- [The task]
When you write out the listing below, keep each word exactly as it stands and drop the pictures.

- [Source material]
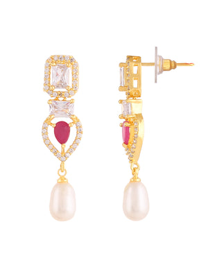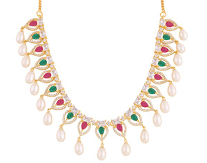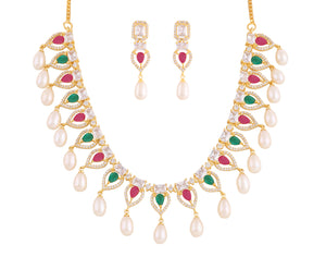 Beautiful Cz Stone Studded Necklace Set For Women With Real Pearl Drops With Certificate(D.No ADPRLS2023)
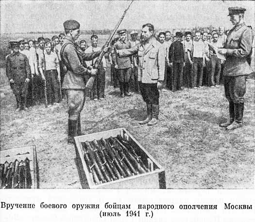 В Москве, Ленинграде, Киеве, Одессе, Туле, Харькове, Запорожье и других городах создавались части народного ополчения. В столице формирование ополчения началось в первых числах июля. В короткий срок Москва сформировала 12 ополченских дивизий. В Ленинграде в те же дни была создана армия народного ополчения в составе 10 дивизий. В Харькове был образован корпус народного ополчения. В ряды народного ополчения вступали рабочие и профессора, студенты и служащие. Не только нашим, но и зарубежным ученым хорошо известно имя астронома профессора Ленинградского университета К. Ф. Огородникова. Когда над страной нависла смертельная опасность, представитель одной из самых мирных профессий счел своим патриотическим долгом взяться за оружие. К. Ф. Огородников добровольно вступил в ряды народного ополчения и воевал с фашистами на подступах к Ленинграду, у стен своей Пулковской обсерватории.
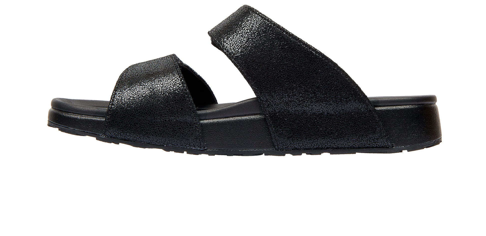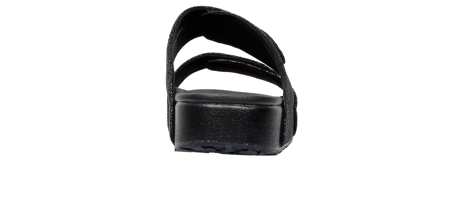 Pantofole in crosta di pelle scintillante e morbida fodera in tessuto. I cinturini regolabili in velcro garantiscono una calzata ottimale. Questa tecnologia presenta un plantare morbido e una suola ampia e morbida, che offre stabilità e ammortizzazione. Adatte a persone con schiena sensibile e con piedi e articolazioni esposti a stress quotidiano.
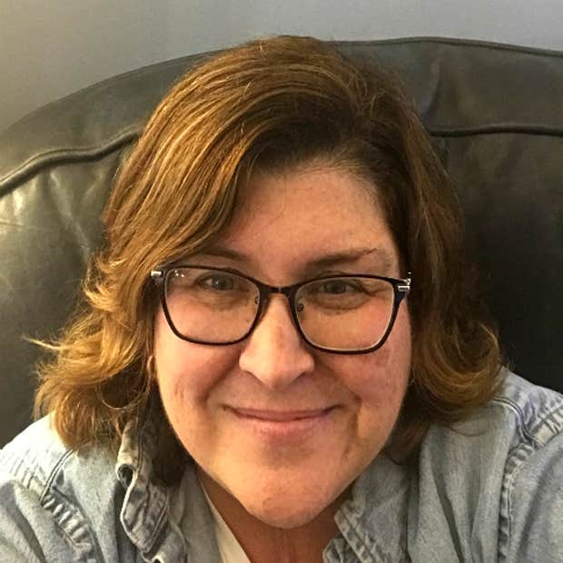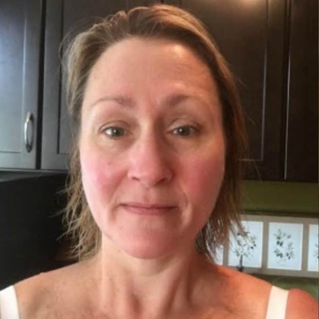 "I feel much fresher and cleaner and younger when I wear no makeup. It's sort of an oxymoron because I know I look younger with makeup because makeup is a miracle in covering up my old age wrinkles. But the first thing I do when I get home from work is, wash my face and put on comfies. On days that I work from home, I wear no makeup and just feel generally healthier. I also don't have white teeth no matter how many white strips I use, so I almost always wear lipstick to contrast the color of my lips and teeth." —Mindy Beth, 53
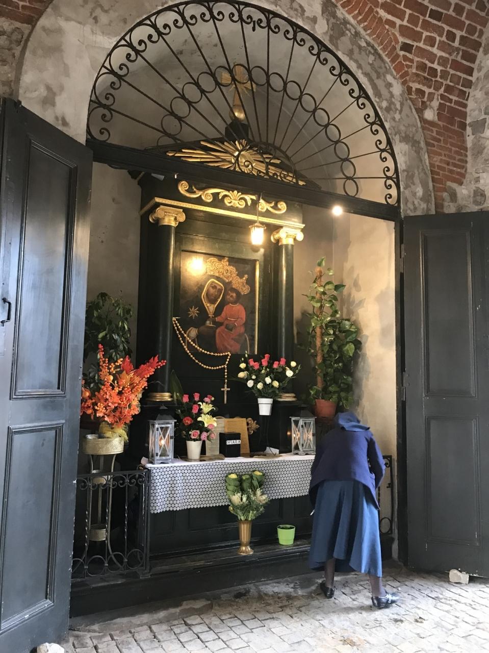 クラクフ 旧市街への入り口の門で朝の準備をするシスター
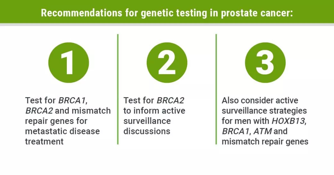 根据指导意见,用于转移性前列腺癌治疗的优先基因的检测应包括BRCA1、BRCA2和错配修复基因。为了获得临床试验资格,应该对ATM等基因进行更广泛的检测。
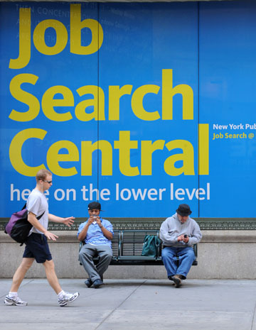 5月8日,一位男士從美國(guó)紐約公共圖書館擇業(yè)信息中心的巨幅宣傳廣告牌前經(jīng)過。新華社記者 申宏 攝 |
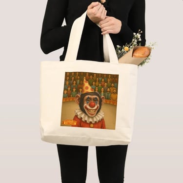 Chester the chimp clown tote bag.
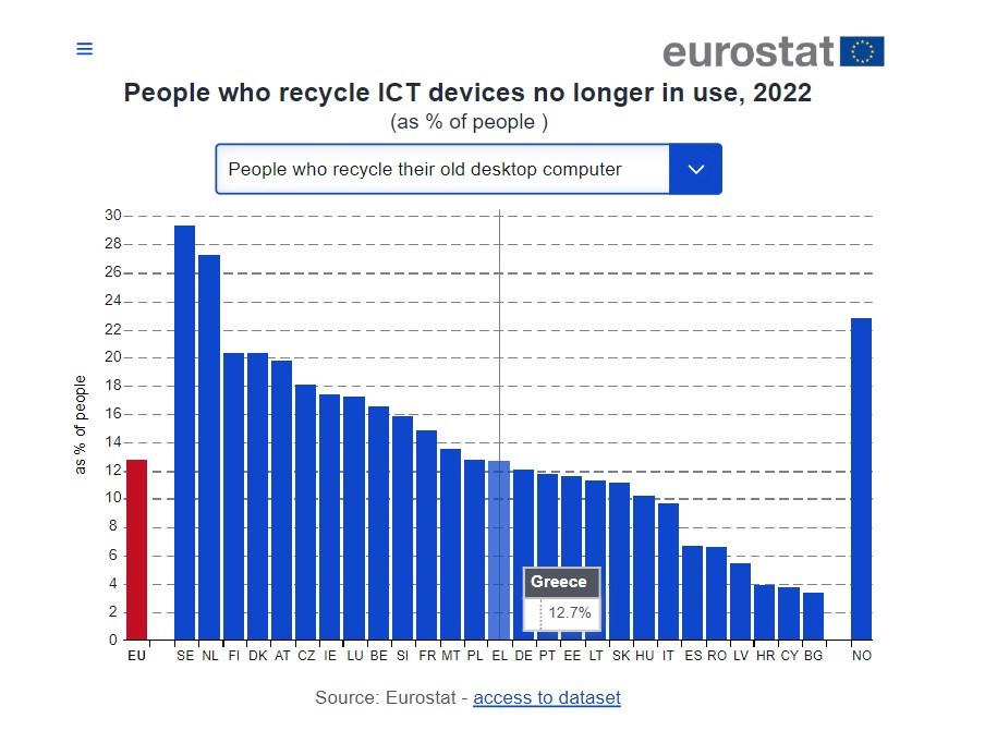 “Η αυξανόμενη χρήση εξοπλισμού ΤΠΕ έχει ως αποτέλεσμα την αυξανόμενη ποσότητα απορριμμάτων από παλιές συσκευές, όπως φορητούς υπολογιστές, tablet, κινητά τηλέφωνα, smartphone και επιτραπέζιους υπολογιστές. Αυτό εγείρει το ερώτημα τι συμβαίνει με τις συσκευές ΤΠΕ που δεν απαιτούνται πλέον”, σχολιάζει η Eurostat.

- [Exercise solution]
 Beautiful Cz Stone Studded Necklace Set For Women With Real Pearl Drops With Certificate(D.No ADPRLS2023)
 В Москве, Ленинграде, Киеве, Одессе, Туле, Харькове, Запорожье и других городах создавались части народного ополчения. В столице формирование ополчения началось в первых числах июля. В короткий срок Москва сформировала 12 ополченских дивизий. В Ленинграде в те же дни была создана армия народного ополчения в составе 10 дивизий. В Харькове был образован корпус народного ополчения. В ряды народного ополчения вступали рабочие и профессора, студенты и служащие. Не только нашим, но и зарубежным ученым хорошо известно имя астронома профессора Ленинградского университета К. Ф. Огородникова. Когда над страной нависла смертельная опасность, представитель одной из самых мирных профессий счел своим патриотическим долгом взяться за оружие. К. Ф. Огородников добровольно вступил в ряды народного ополчения и воевал с фашистами на подступах к Ленинграду, у стен своей Пулковской обсерватории.
 Pantofole in crosta di pelle scintillante e morbida fodera in tessuto. I cinturini regolabili in velcro garantiscono una calzata ottimale. Questa tecnologia presenta un plantare morbido e una suola ampia e morbida, che offre stabilità e ammortizzazione. Adatte a persone con schiena sensibile e con piedi e articolazioni esposti a stress quotidiano.
 "I feel much fresher and cleaner and younger when I wear no makeup. It's sort of an oxymoron because I know I look younger with makeup because makeup is a miracle in covering up my old age wrinkles. But the first thing I do when I get home from work is, wash my face and put on comfies. On days that I work from home, I wear no makeup and just feel generally healthier. I also don't have white teeth no matter how many white strips I use, so I almost always wear lipstick to contrast the color of my lips and teeth." —Mindy Beth, 53
 クラクフ 旧市街への入り口の門で朝の準備をするシスター
 根据指导意见,用于转移性前列腺癌治疗的优先基因的检测应包括BRCA1、BRCA2和错配修复基因。为了获得临床试验资格,应该对ATM等基因进行更广泛的检测。
 5月8日,一位男士從美國(guó)紐約公共圖書館擇業(yè)信息中心的巨幅宣傳廣告牌前經(jīng)過。新華社記者 申宏 攝 |
 Chester the chimp clown tote bag.
 “Η αυξανόμενη χρήση εξοπλισμού ΤΠΕ έχει ως αποτέλεσμα την αυξανόμενη ποσότητα απορριμμάτων από παλιές συσκευές, όπως φορητούς υπολογιστές, tablet, κινητά τηλέφωνα, smartphone και επιτραπέζιους υπολογιστές. Αυτό εγείρει το ερώτημα τι συμβαίνει με τις συσκευές ΤΠΕ που δεν απαιτούνται πλέον”, σχολιάζει η Eurostat.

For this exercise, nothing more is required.